- [What the exercise asks]
Having located the line with "The bold pixie", print it and each remaining line exactly, stopping at the end of the material and omitting pictures.

+ + + +

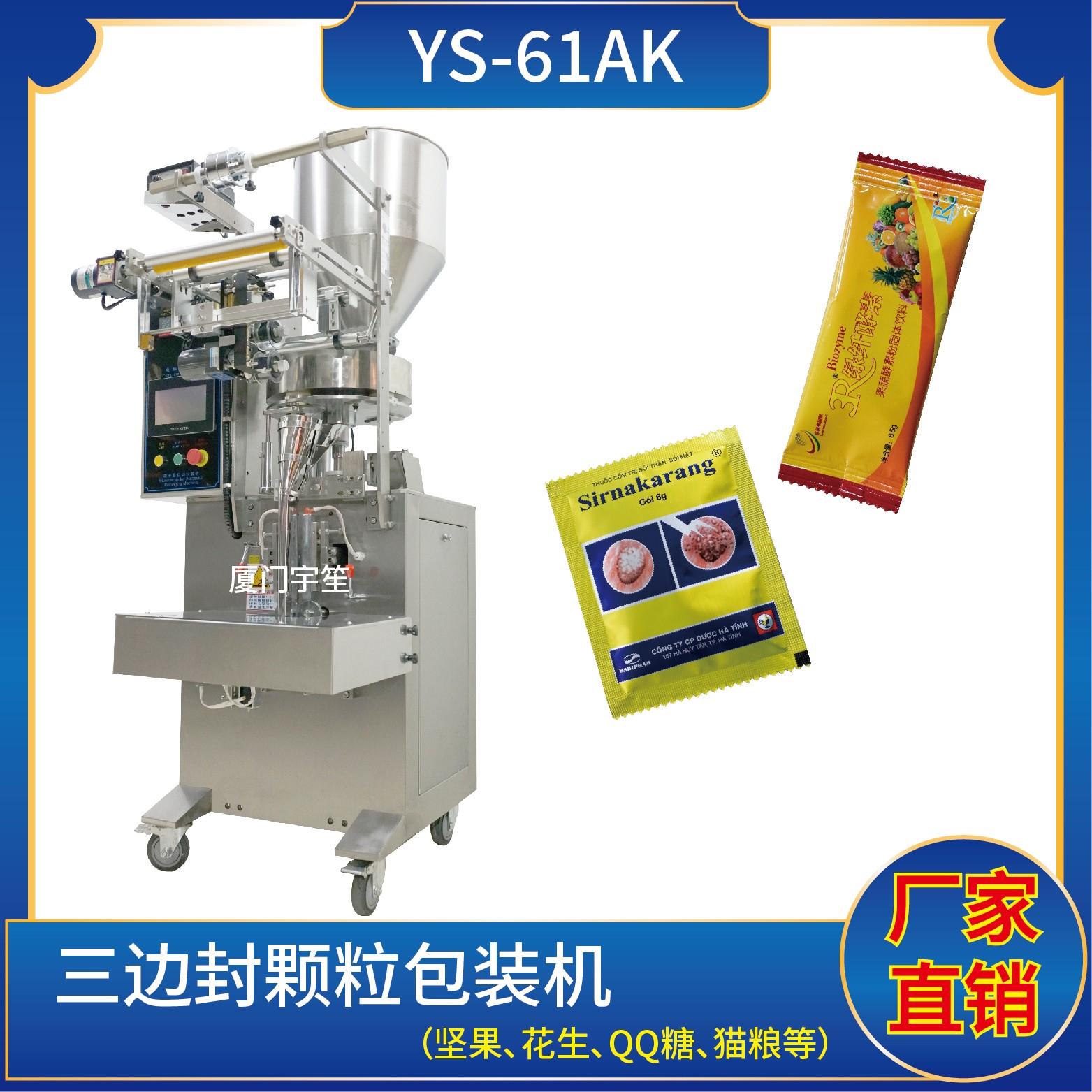 YS-40AK 三邊封顆粒自動包裝機(jī)特 點(diǎn) 1、適用于方便面行業(yè)湯包,干燥劑,沖劑,碎茶等小顆粒狀物品包裝。2、可自動完成制袋、計(jì)量、充填、封合、分切及計(jì)數(shù)等功能。3、包裝材料:茶葉濾紙、復(fù)合膜、無紡布。封口方式:三邊封技術(shù)參數(shù) 計(jì)量范圍:10 - 40 g(0.6 ~ 33 ml)制袋尺寸:長 ( L ) : 40 - 110 mm …
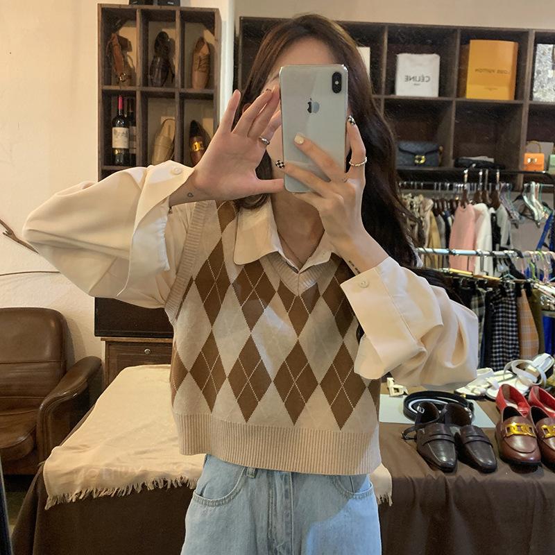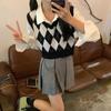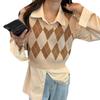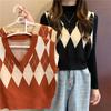 Chaleco de punto apilado retro con cuello en V y rombos para mujer, novedad de primavera y otoño de 2023.
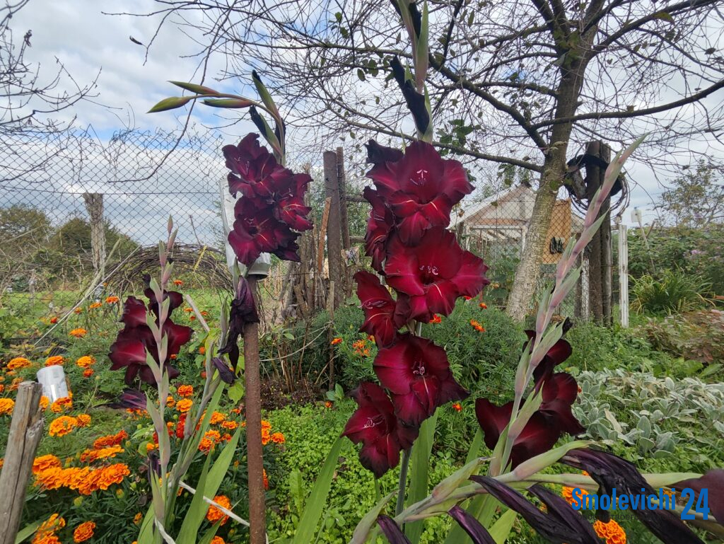 Зинаида Ивановна успевает еще и за цветами ухаживать. Во дворе много ярких красок, но особенно выделяются гладиолусы.
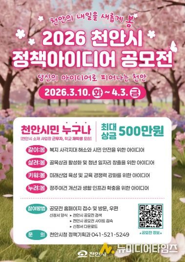 천안시가 시민의 창의적인 아이디어를 시정에 반영하고 정책 참여 문화를 확산하기 위해 ‘2026 천안시 정책 아이디어 공모전’을 개최한다.
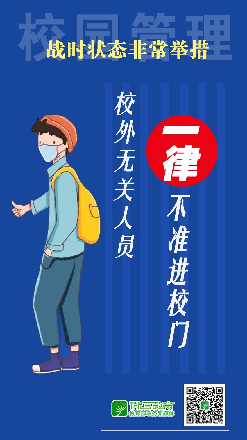 如何防止疫情向学校扩散,近日,教育部长陈宝生 在教育系统疫情防控视频会上强调战时状态要有非常举措要把问题想得更严重一些,应对措施更坚决一些,校园管理如何做好“严防死守” 一起来了解校园管理 .
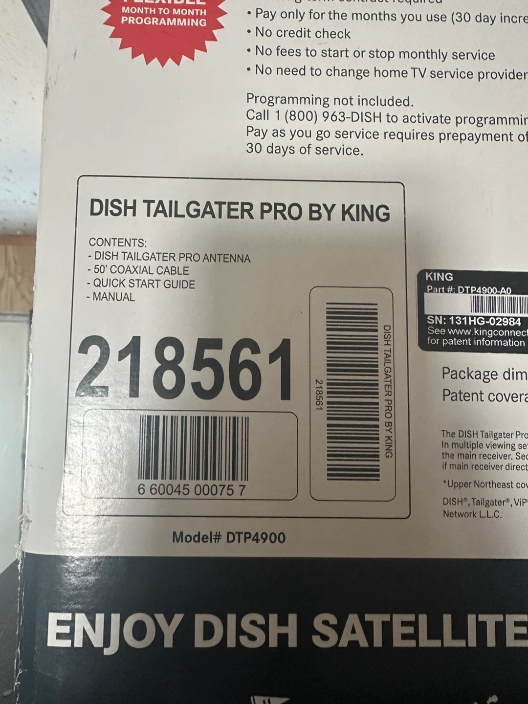 This KING Dish Tailgater Pro is a portable satellite TV antenna. It's designed for multiple TV viewing and features dual outputs for up to two receivers. The antenna is lightweight and compact, with an integrated carrying handle for easy transport. It's powered by a DISH HD solo receiver and includes a 50' coaxial cable and quick start guide.
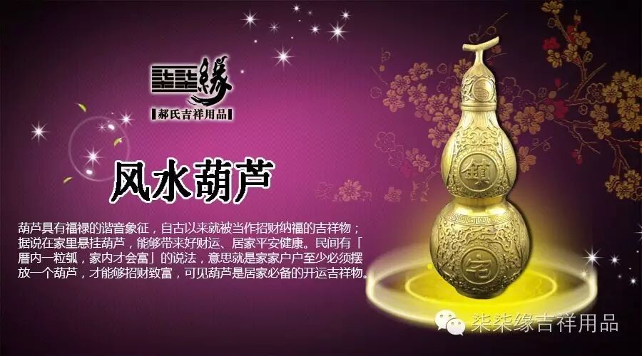 四、 可以化煞挡煞。用一只或三只葫芦悬挂于外部形煞所冲之方即可。一定要开光后方能使用,而且要择吉日吉时,否则无效。葫芦是可用作除病之用,只须挂在病者的睡床前或摆放在病者的睡侧。葫芦挂在大门外,则有保屋内人平安的作用。葫芦可采用天然葫芦瓜晒干成品或铜制葫芦。但要注意铜器并不一定适合每个人,要视乎你的五行。
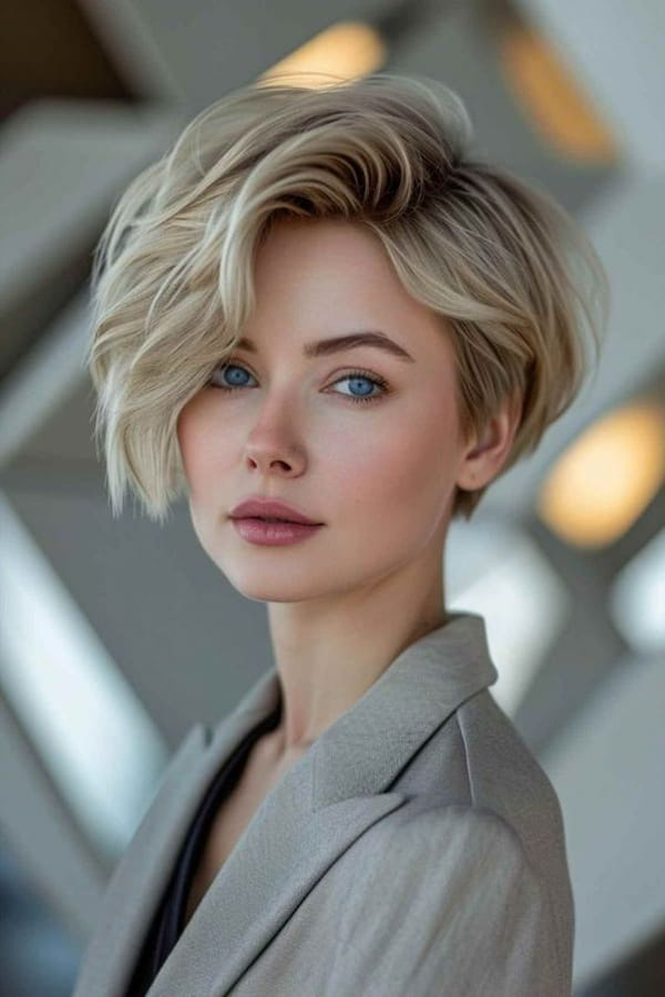 The bold pixie bob with an asymmetrical sweep combines structure with flair. The angled front adds sophistication, while the shorter back keeps the haircut sharp and manageable. This cut exudes confidence and works well for women who want a modern, stylish appearance with minimal styling effort. Regular trims maintain the precise shape and enhance the overall look.
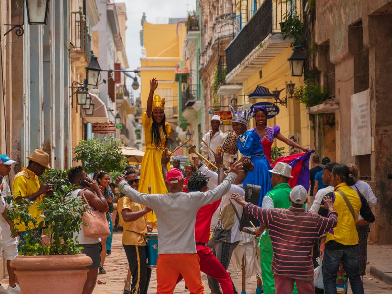 Толпы от Habana Vieja к Centro Habana танцуют в вихре: юбки кружатся, барабаны бьют в кровь, фейерверки вспыхивают над колониальными фасадами, окрашивая барокко в цвета карнавала.

+ + + +

- [Result of this exercise]
 The bold pixie bob with an asymmetrical sweep combines structure with flair. The angled front adds sophistication, while the shorter back keeps the haircut sharp and manageable. This cut exudes confidence and works well for women who want a modern, stylish appearance with minimal styling effort. Regular trims maintain the precise shape and enhance the overall look.
 Толпы от Habana Vieja к Centro Habana танцуют в вихре: юбки кружатся, барабаны бьют в кровь, фейерверки вспыхивают над колониальными фасадами, окрашивая барокко в цвета карнавала.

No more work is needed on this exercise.